*** Opening DATA SECTION ***

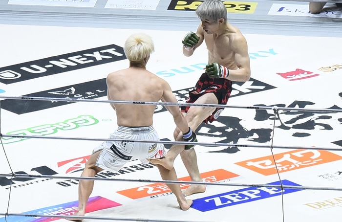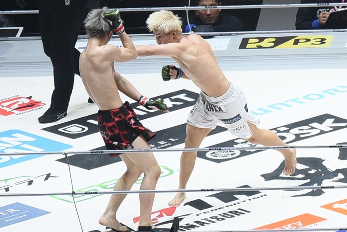 2R、田丸の左カーフに右足が流れる平本。左ストレートを打つ平本にバックステップでかわした田丸が左カーフ。田丸はジャブを打って左カーフを蹴る。ジャブに平本が組み付き、田丸が受け止めて上になるが、すぐに平本が上を奪い返す。
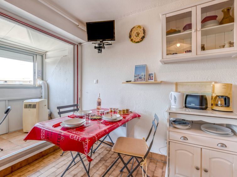 Residentie "Le Marlin", van 3 verdiepingen. In de wijk le Palais de la Mer, 800 m van zee, 800 m van het strand. Voor medegebruik: tennisbaan, jeu de boules, parkeerplaats (beperkt aantal). Winkel 200 m, levensmiddelenwinkel 50 m, supermarkt 150 m, winkelcentrum 350 m, restaurant, bar, café 50 m, zandstrand "Plage Nord", openluchtzwembad 2.2 km, thermaalbad "Thalazur Port Camargue" 4.6 km. Jachthaven 2.3 km, midgetgolf 700 m, manege 2 km, kinderspeelplaats 700 m. Attracties in de buurt: Casino Flamingo 350 m, Seaquarium 1.4 km, Arènes du Grau du roi 3.2 km. Wandelgebied P13. Let op: de sleuteloverdracht vindt plaats bij het agentschap Interhome in Port Camargue, 2 km. Vliegveld 24 km van het huis.
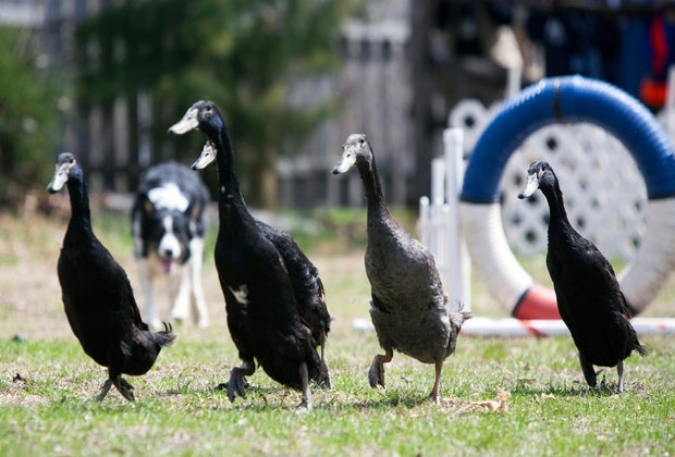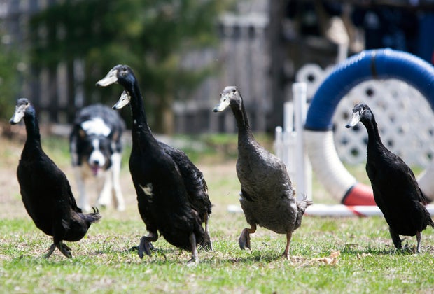 The herding skills of these border collies put any parent to shame.

*** Closing DATA SECTION ***

**WHAT YOU SHOULD DO:** Except for the pictures, write the data out exactly.

**EXERCISE RESPONSE:**
 2R、田丸の左カーフに右足が流れる平本。左ストレートを打つ平本にバックステップでかわした田丸が左カーフ。田丸はジャブを打って左カーフを蹴る。ジャブに平本が組み付き、田丸が受け止めて上になるが、すぐに平本が上を奪い返す。
 Residentie "Le Marlin", van 3 verdiepingen. In de wijk le Palais de la Mer, 800 m van zee, 800 m van het strand. Voor medegebruik: tennisbaan, jeu de boules, parkeerplaats (beperkt aantal). Winkel 200 m, levensmiddelenwinkel 50 m, supermarkt 150 m, winkelcentrum 350 m, restaurant, bar, café 50 m, zandstrand "Plage Nord", openluchtzwembad 2.2 km, thermaalbad "Thalazur Port Camargue" 4.6 km. Jachthaven 2.3 km, midgetgolf 700 m, manege 2 km, kinderspeelplaats 700 m. Attracties in de buurt: Casino Flamingo 350 m, Seaquarium 1.4 km, Arènes du Grau du roi 3.2 km. Wandelgebied P13. Let op: de sleuteloverdracht vindt plaats bij het agentschap Interhome in Port Camargue, 2 km. Vliegveld 24 km van het huis.
 The herding skills of these border collies put any parent to shame.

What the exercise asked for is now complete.